::: Raw data :::
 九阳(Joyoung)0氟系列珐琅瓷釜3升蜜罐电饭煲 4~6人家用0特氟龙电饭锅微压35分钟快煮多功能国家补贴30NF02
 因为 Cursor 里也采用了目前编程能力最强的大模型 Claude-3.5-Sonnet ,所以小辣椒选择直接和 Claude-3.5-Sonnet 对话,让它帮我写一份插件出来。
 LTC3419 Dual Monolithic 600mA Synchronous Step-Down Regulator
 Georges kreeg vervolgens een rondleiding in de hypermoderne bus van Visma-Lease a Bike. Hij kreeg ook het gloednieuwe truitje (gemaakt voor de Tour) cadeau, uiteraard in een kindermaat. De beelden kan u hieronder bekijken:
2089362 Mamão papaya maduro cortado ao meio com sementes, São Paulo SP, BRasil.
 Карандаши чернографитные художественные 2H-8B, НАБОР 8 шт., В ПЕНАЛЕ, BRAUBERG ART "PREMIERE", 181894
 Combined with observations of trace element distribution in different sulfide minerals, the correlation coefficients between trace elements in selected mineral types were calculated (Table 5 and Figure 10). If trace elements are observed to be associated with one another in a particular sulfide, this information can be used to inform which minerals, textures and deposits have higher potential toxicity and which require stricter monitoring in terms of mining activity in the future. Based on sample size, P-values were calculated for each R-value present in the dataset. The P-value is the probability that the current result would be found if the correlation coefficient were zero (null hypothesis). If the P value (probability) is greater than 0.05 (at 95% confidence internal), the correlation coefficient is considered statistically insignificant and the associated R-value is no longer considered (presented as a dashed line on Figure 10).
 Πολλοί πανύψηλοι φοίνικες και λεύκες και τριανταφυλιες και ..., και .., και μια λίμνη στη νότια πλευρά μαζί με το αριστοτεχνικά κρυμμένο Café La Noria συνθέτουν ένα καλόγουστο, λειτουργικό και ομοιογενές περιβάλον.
:::
→ **Problem**:
Only the lines above from the one with "因为 Cursor 里也采用了目前编程能力最强的大模型" up to and including the one with "Georges kreeg vervolgens" should be repeated, exactly as written.

→ **Solution for this task**:
 因为 Cursor 里也采用了目前编程能力最强的大模型 Claude-3.5-Sonnet ,所以小辣椒选择直接和 Claude-3.5-Sonnet 对话,让它帮我写一份插件出来。
 LTC3419 Dual Monolithic 600mA Synchronous Step-Down Regulator
 Georges kreeg vervolgens een rondleiding in de hypermoderne bus van Visma-Lease a Bike. Hij kreeg ook het gloednieuwe truitje (gemaakt voor de Tour) cadeau, uiteraard in een kindermaat. De beelden kan u hieronder bekijken:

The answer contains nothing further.